Prompt:
Your answer should hold exactly the lines beginning with the one that contains "Recraft/Promt: a double" and ending with the last line of the material, both included. Leave every picture out.
═══ Input material ═══
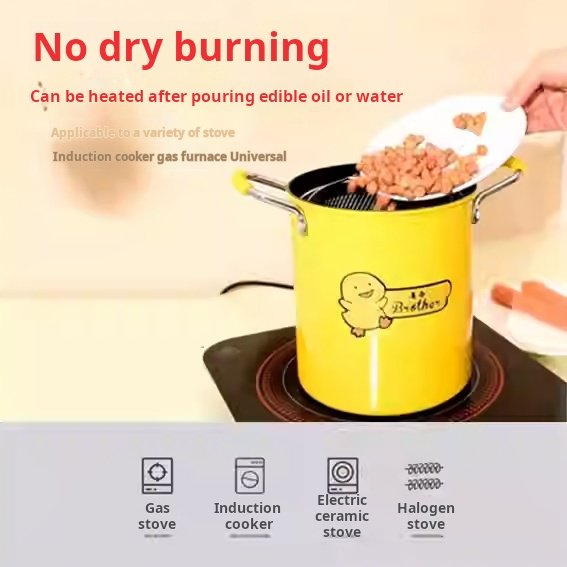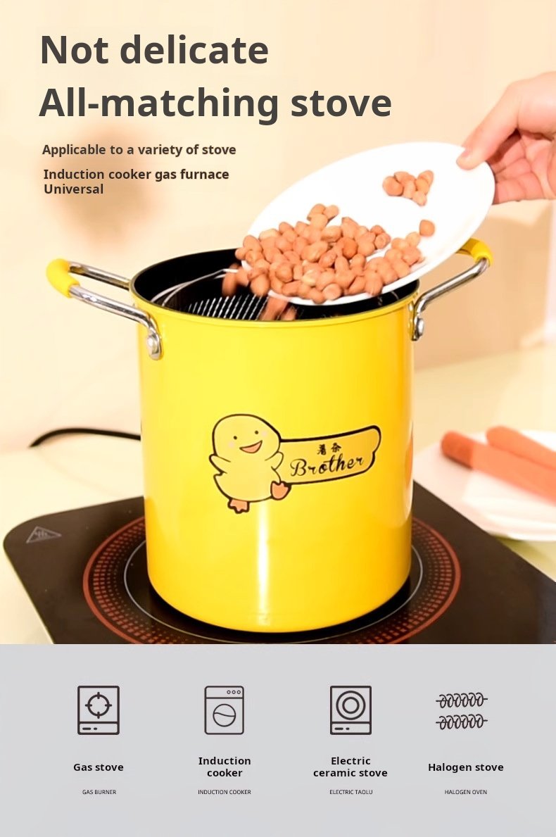 Zha Zha Hu Deep Fryer – The Ultimate Home Deep Fryer with Low Smoke Filter, Made of High-Quality Iron with No Coating, Compatible with Induction Cookers and Gas Stoves.
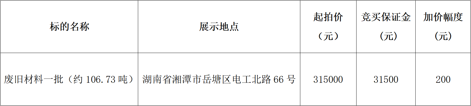 保證金賬戶名稱:湖南省拍賣行有限責任公司
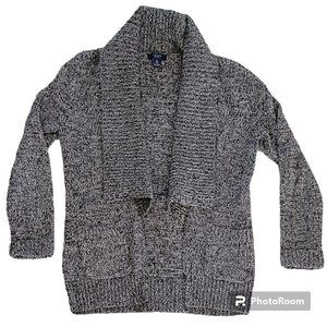 Heathered cotton blend open front long cardigan sweater with shawl collar and pockets
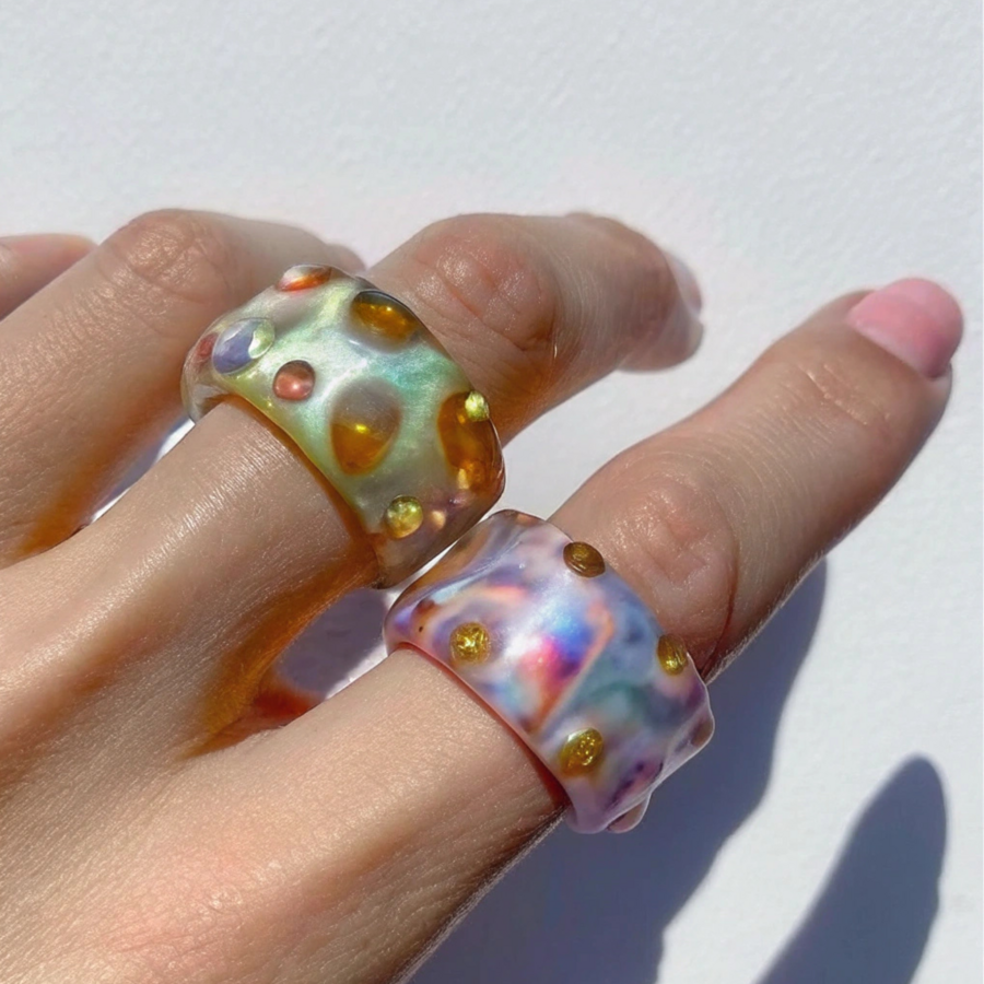 Recraft/Promt: a double ring (worn on two adjacent fingers) made of handmade glass and individual, crooked shape, bubble ring, textured rings untidy and bright, emphasizing individuality bubbly and puffed uneven shape and design abstract and of different shapes and textures
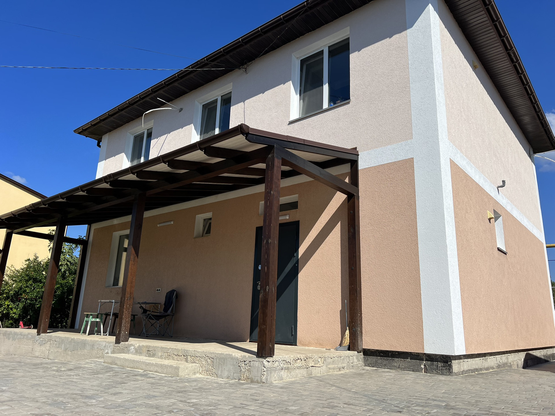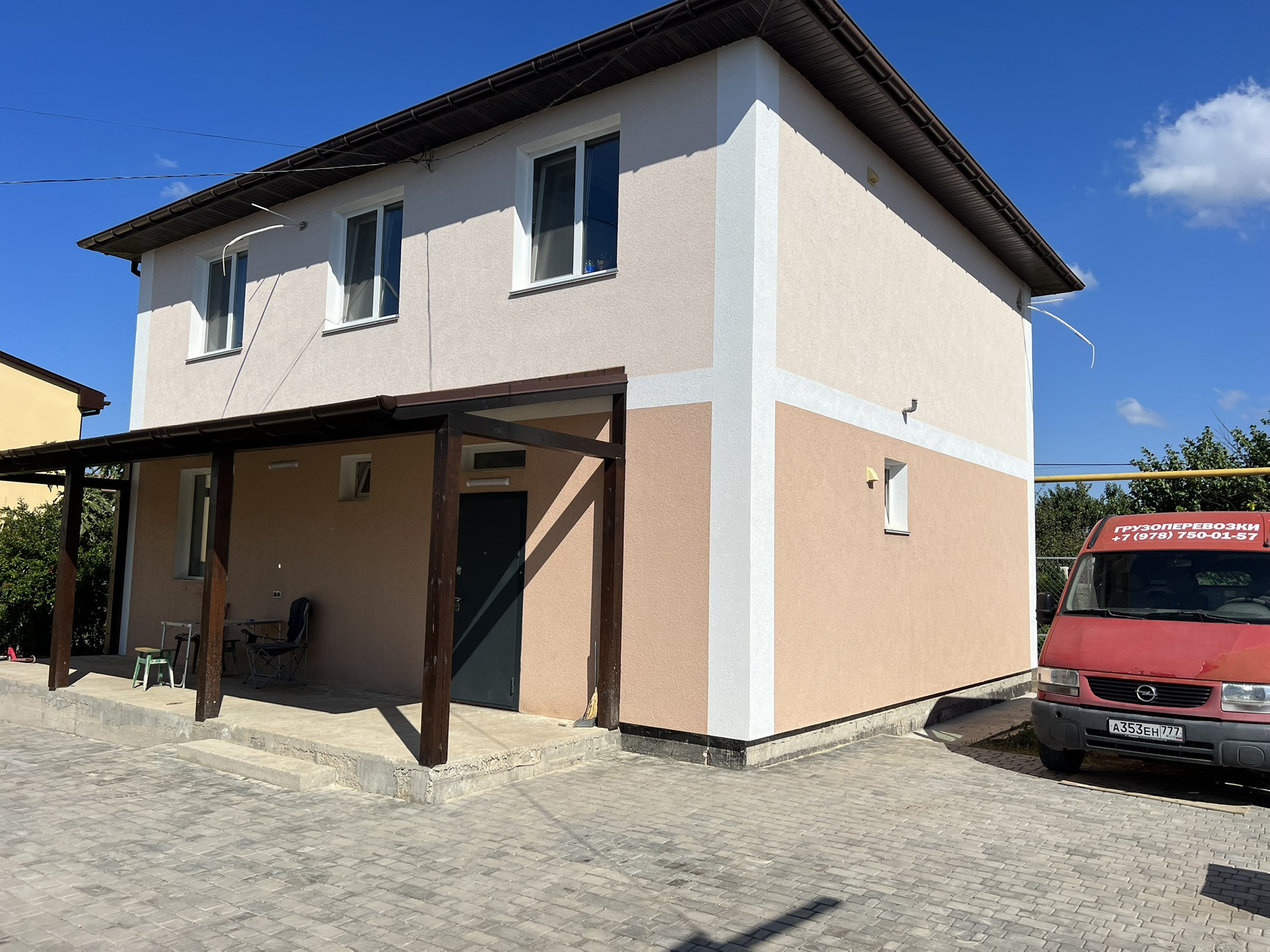 Дом построен из ракушечника , в два полноценных этажа без мансарды, между первым ,и вторым этажами , лежат плиты перекрытия.
═══
Your response:
 Recraft/Promt: a double ring (worn on two adjacent fingers) made of handmade glass and individual, crooked shape, bubble ring, textured rings untidy and bright, emphasizing individuality bubbly and puffed uneven shape and design abstract and of different shapes and textures
 Дом построен из ракушечника , в два полноценных этажа без мансарды, между первым ,и вторым этажами , лежат плиты перекрытия.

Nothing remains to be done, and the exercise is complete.